Pour cela, l’équipe de scientifiques s’est penchée sur les cerveaux de 50 mamies en analysant leurs réactions au moment où l’on montre à ces dernières des photos de leurs petits-enfants. Ensuite, à titre de comparaison, les participantes ont pu observer des clichés d’enfants qu’elles ne connaissaient pas.

La première chose qu’ont remarquée les chercheurs est une proximité émotionnelle entre grands-mères et petits-enfants. « Face aux images de leur petit-enfant, elles ressentaient vraiment ce qu'il ressentait. Lorsqu'il exprime de la joie, elles ressentent de la joie. Quand il exprime de la détresse, elles ressentent de la détresse. Elles activent des zones du cerveau qui sont impliquées dans l'empathie émotionnelle, et d'autres dans le mouvement » a expliqué James Rilling, anthropologue, neuroscientifique et auteur principal de l'étude, à nos confrères de l’AFP.

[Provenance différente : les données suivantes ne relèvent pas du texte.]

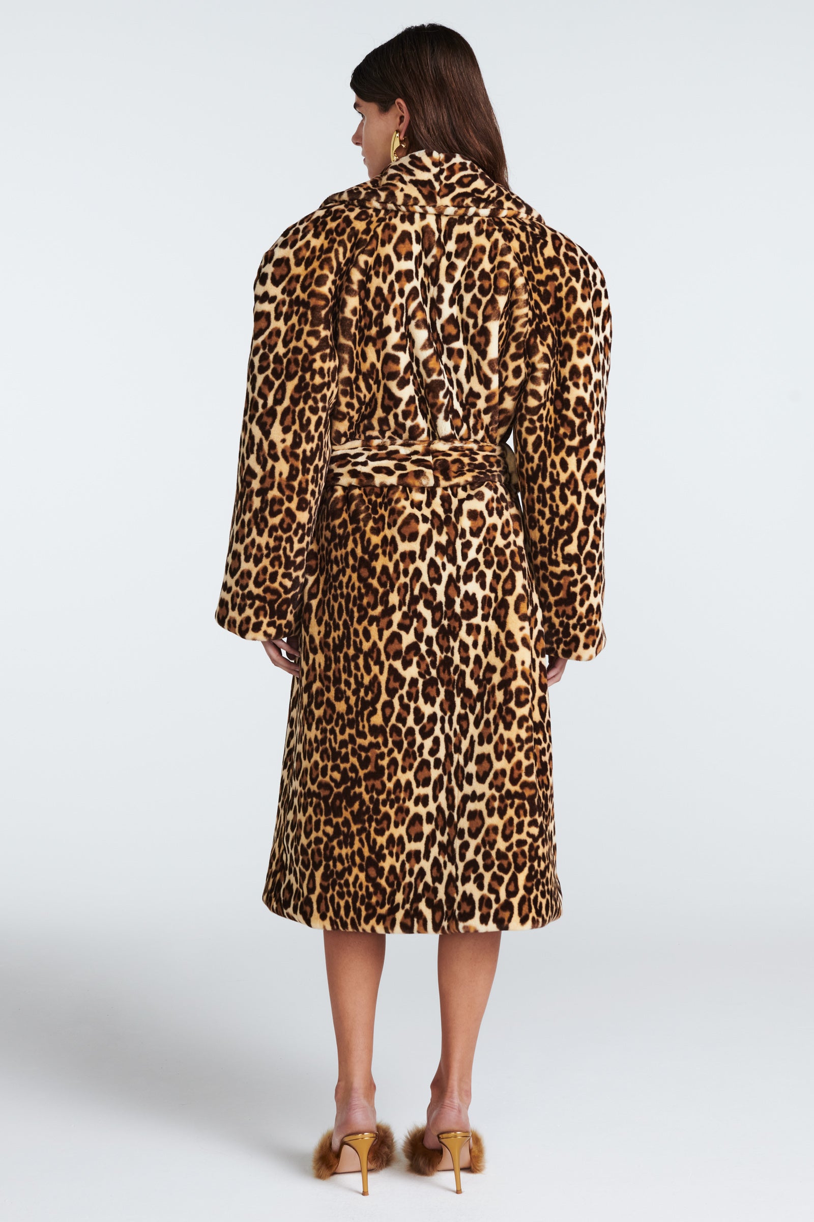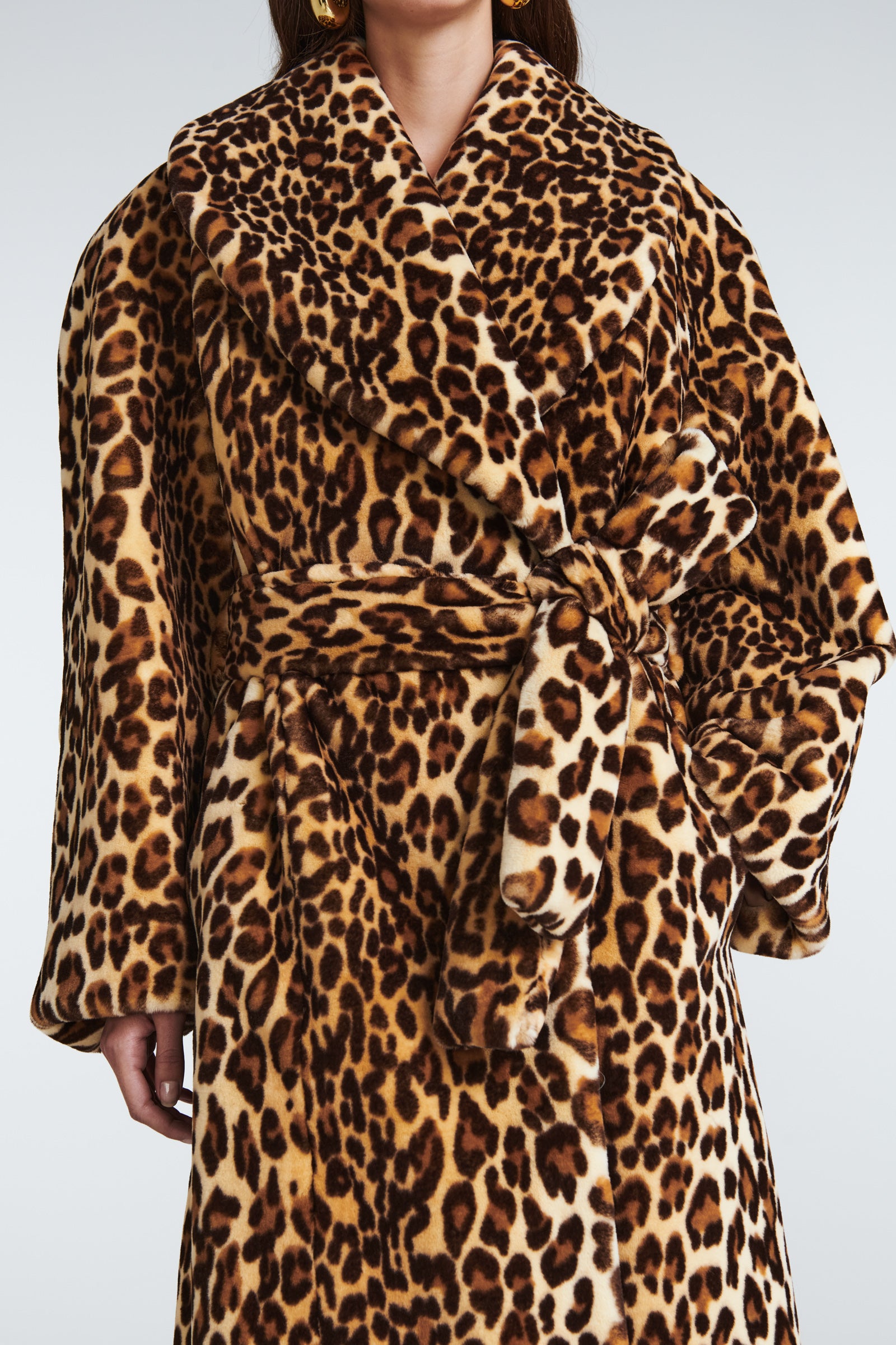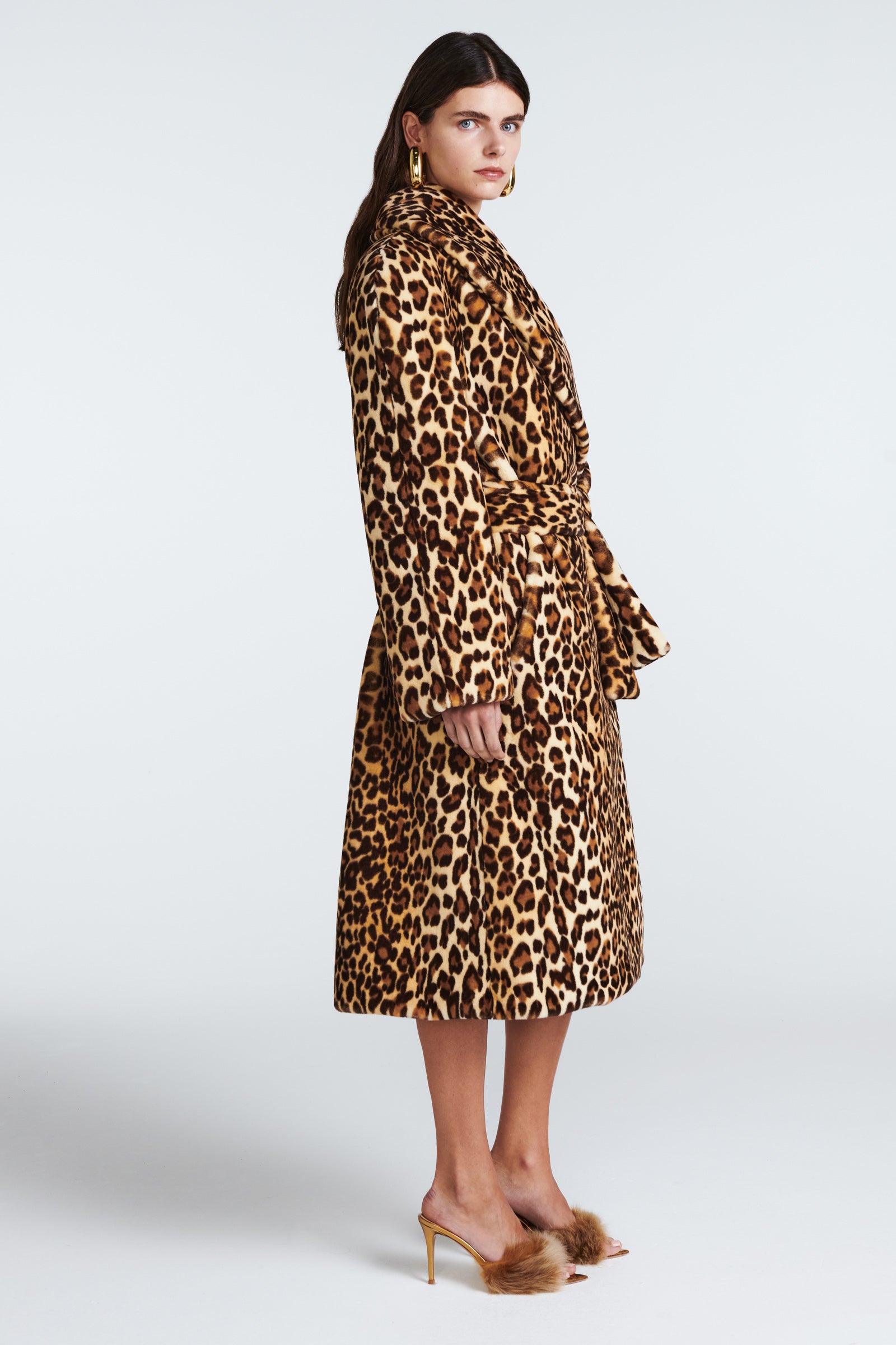 Incredibly fashionable and indulgently soft mid- calf length faux fur coat in leopard print with shawl lapels, tied up with a belt. Cut-through pockets for convenience. Versatile styling options, can be worn open without the belt for a relaxed fit.

Ces mêmes zones du cerveau s’activent aussi chez les mères, ce qui les pousse à aller vers leur enfant, interagir avec lui et ainsi laisser place à leur instinct maternel.

Ceci étant dit, cette empathie sentimentale exacerbée pourrait être directement liée à l’apparence des enfants. Et pour cause, quand les scientifiques ont fait voir aux grands-mères des photos de leur(s) enfant(s) à l’âge adulte, l'activation des régions traduisant de l'empathie cognitive était plus forte mais elle générait moins d’implication émotionnelle.

La grand-mère, un rôle à part

Selon James Rilling, cette corrélation entre le côté mignon et attendrissant des jeunes enfants et l’envie de protection qu’ils suscitent est un phénomène connu scientifiquement et que l’on retrouve chez de nombreuses espèces animales.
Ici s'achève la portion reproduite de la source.